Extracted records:
▬▬▬

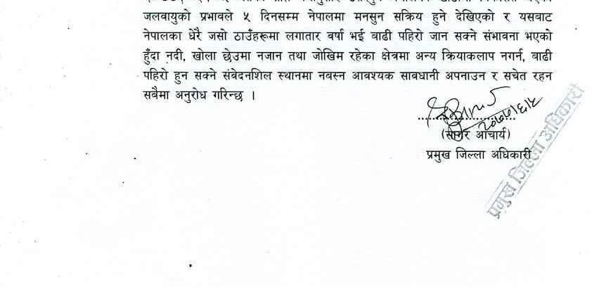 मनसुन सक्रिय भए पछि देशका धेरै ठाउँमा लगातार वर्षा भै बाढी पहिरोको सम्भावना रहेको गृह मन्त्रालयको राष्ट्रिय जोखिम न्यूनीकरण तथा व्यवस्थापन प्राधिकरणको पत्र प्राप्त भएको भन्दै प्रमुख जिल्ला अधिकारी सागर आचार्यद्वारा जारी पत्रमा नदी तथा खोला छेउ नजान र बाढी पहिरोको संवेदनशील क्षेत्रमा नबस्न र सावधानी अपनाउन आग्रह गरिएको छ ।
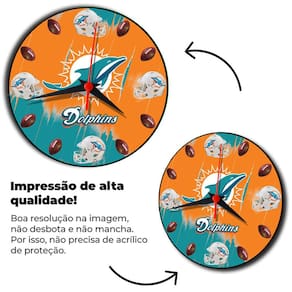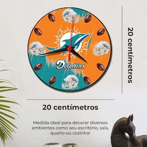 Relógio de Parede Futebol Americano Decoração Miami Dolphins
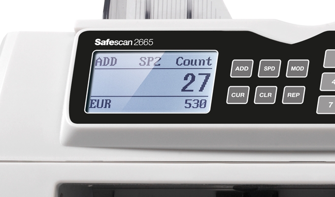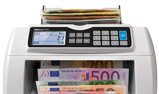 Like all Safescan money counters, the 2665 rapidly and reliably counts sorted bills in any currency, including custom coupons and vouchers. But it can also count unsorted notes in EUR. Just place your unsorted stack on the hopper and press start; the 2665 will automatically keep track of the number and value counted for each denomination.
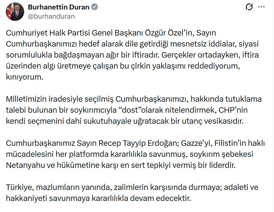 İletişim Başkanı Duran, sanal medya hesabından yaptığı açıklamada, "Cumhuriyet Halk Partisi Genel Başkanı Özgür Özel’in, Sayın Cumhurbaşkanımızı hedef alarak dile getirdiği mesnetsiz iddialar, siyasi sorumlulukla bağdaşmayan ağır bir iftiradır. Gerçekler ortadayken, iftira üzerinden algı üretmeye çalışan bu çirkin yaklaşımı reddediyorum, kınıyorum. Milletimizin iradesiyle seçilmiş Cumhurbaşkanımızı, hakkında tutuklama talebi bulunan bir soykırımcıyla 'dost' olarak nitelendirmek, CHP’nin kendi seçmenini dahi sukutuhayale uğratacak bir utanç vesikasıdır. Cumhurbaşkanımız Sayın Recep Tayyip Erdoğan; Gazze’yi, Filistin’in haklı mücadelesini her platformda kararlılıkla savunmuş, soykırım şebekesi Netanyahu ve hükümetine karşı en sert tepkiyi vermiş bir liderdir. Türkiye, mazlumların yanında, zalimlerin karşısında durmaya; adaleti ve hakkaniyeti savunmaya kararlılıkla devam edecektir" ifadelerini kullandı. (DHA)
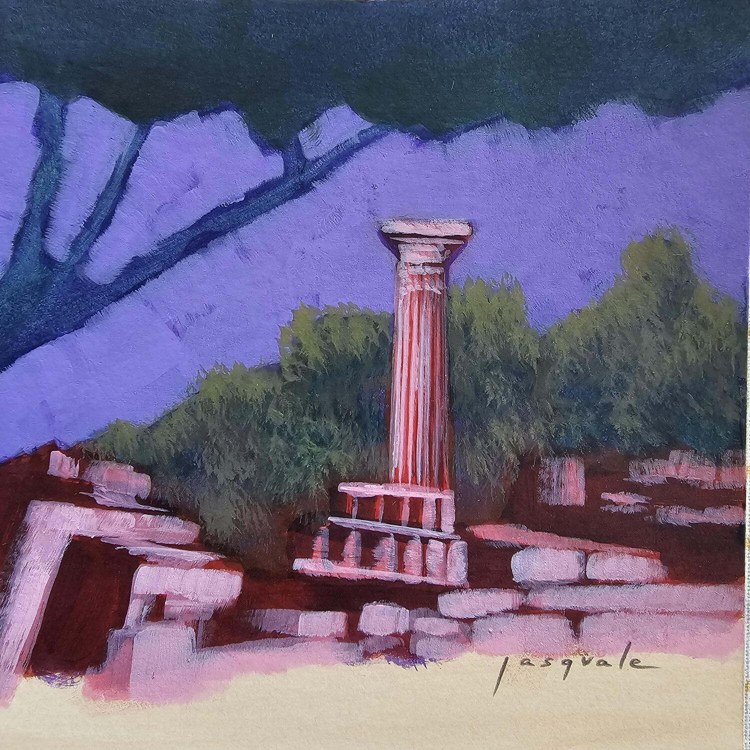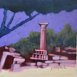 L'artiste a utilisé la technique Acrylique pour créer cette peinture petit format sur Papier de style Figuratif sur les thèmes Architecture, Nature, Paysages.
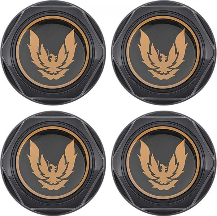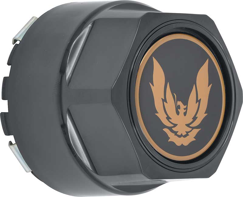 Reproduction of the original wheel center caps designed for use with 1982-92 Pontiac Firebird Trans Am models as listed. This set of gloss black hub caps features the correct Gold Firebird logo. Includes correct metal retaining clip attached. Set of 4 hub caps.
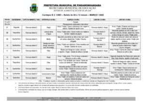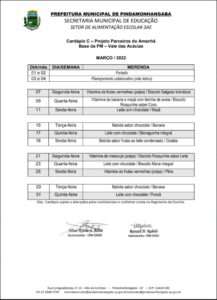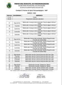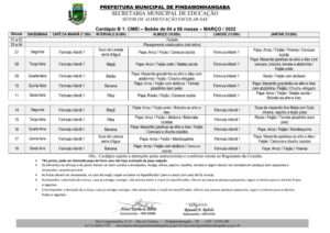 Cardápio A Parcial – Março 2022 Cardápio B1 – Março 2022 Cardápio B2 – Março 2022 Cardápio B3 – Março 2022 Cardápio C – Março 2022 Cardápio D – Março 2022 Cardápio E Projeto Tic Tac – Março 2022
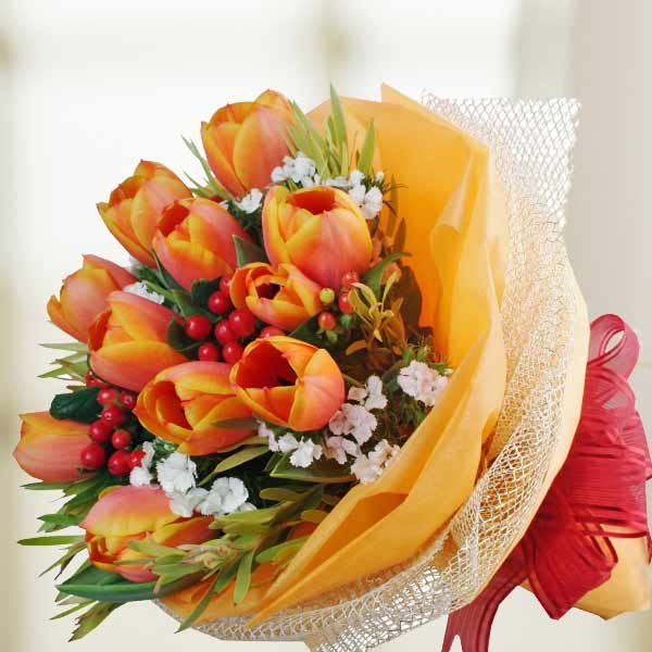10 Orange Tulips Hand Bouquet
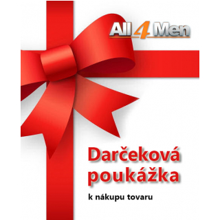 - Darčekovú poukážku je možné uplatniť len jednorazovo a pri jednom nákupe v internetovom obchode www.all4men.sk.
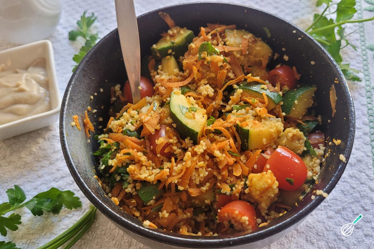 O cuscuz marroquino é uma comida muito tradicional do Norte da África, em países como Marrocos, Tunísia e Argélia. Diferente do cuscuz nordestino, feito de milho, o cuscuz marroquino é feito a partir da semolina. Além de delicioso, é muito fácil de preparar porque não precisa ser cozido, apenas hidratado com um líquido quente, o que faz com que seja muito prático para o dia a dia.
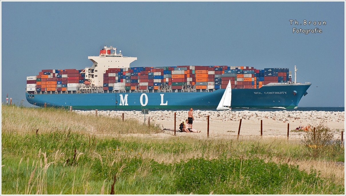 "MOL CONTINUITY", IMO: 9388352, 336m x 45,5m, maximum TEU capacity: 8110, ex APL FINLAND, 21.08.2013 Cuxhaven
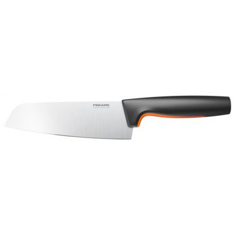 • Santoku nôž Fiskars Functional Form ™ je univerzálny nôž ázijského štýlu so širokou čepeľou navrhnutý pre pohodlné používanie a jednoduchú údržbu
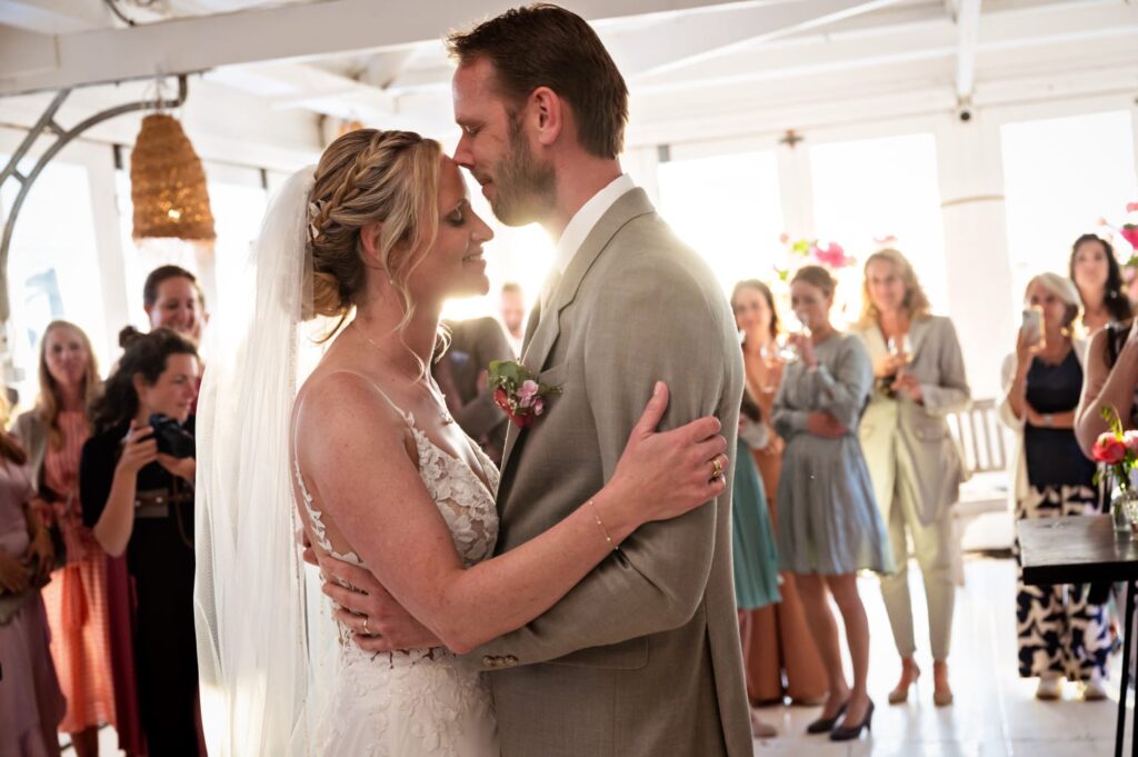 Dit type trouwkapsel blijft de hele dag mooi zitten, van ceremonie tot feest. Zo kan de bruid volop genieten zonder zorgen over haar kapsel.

▬▬▬

**What the task asks:**
Transcribe every line from the records above without alteration, and leave out the images.

**Task answer:**
 मनसुन सक्रिय भए पछि देशका धेरै ठाउँमा लगातार वर्षा भै बाढी पहिरोको सम्भावना रहेको गृह मन्त्रालयको राष्ट्रिय जोखिम न्यूनीकरण तथा व्यवस्थापन प्राधिकरणको पत्र प्राप्त भएको भन्दै प्रमुख जिल्ला अधिकारी सागर आचार्यद्वारा जारी पत्रमा नदी तथा खोला छेउ नजान र बाढी पहिरोको संवेदनशील क्षेत्रमा नबस्न र सावधानी अपनाउन आग्रह गरिएको छ ।
 Relógio de Parede Futebol Americano Decoração Miami Dolphins
 Like all Safescan money counters, the 2665 rapidly and reliably counts sorted bills in any currency, including custom coupons and vouchers. But it can also count unsorted notes in EUR. Just place your unsorted stack on the hopper and press start; the 2665 will automatically keep track of the number and value counted for each denomination.
 İletişim Başkanı Duran, sanal medya hesabından yaptığı açıklamada, "Cumhuriyet Halk Partisi Genel Başkanı Özgür Özel’in, Sayın Cumhurbaşkanımızı hedef alarak dile getirdiği mesnetsiz iddialar, siyasi sorumlulukla bağdaşmayan ağır bir iftiradır. Gerçekler ortadayken, iftira üzerinden algı üretmeye çalışan bu çirkin yaklaşımı reddediyorum, kınıyorum. Milletimizin iradesiyle seçilmiş Cumhurbaşkanımızı, hakkında tutuklama talebi bulunan bir soykırımcıyla 'dost' olarak nitelendirmek, CHP’nin kendi seçmenini dahi sukutuhayale uğratacak bir utanç vesikasıdır. Cumhurbaşkanımız Sayın Recep Tayyip Erdoğan; Gazze’yi, Filistin’in haklı mücadelesini her platformda kararlılıkla savunmuş, soykırım şebekesi Netanyahu ve hükümetine karşı en sert tepkiyi vermiş bir liderdir. Türkiye, mazlumların yanında, zalimlerin karşısında durmaya; adaleti ve hakkaniyeti savunmaya kararlılıkla devam edecektir" ifadelerini kullandı. (DHA)
 L'artiste a utilisé la technique Acrylique pour créer cette peinture petit format sur Papier de style Figuratif sur les thèmes Architecture, Nature, Paysages.
 Reproduction of the original wheel center caps designed for use with 1982-92 Pontiac Firebird Trans Am models as listed. This set of gloss black hub caps features the correct Gold Firebird logo. Includes correct metal retaining clip attached. Set of 4 hub caps.
 Cardápio A Parcial – Março 2022 Cardápio B1 – Março 2022 Cardápio B2 – Março 2022 Cardápio B3 – Março 2022 Cardápio C – Março 2022 Cardápio D – Março 2022 Cardápio E Projeto Tic Tac – Março 2022
10 Orange Tulips Hand Bouquet
 - Darčekovú poukážku je možné uplatniť len jednorazovo a pri jednom nákupe v internetovom obchode www.all4men.sk.
 O cuscuz marroquino é uma comida muito tradicional do Norte da África, em países como Marrocos, Tunísia e Argélia. Diferente do cuscuz nordestino, feito de milho, o cuscuz marroquino é feito a partir da semolina. Além de delicioso, é muito fácil de preparar porque não precisa ser cozido, apenas hidratado com um líquido quente, o que faz com que seja muito prático para o dia a dia.
 "MOL CONTINUITY", IMO: 9388352, 336m x 45,5m, maximum TEU capacity: 8110, ex APL FINLAND, 21.08.2013 Cuxhaven
 • Santoku nôž Fiskars Functional Form ™ je univerzálny nôž ázijského štýlu so širokou čepeľou navrhnutý pre pohodlné používanie a jednoduchú údržbu
 Dit type trouwkapsel blijft de hele dag mooi zitten, van ceremonie tot feest. Zo kan de bruid volop genieten zonder zorgen over haar kapsel.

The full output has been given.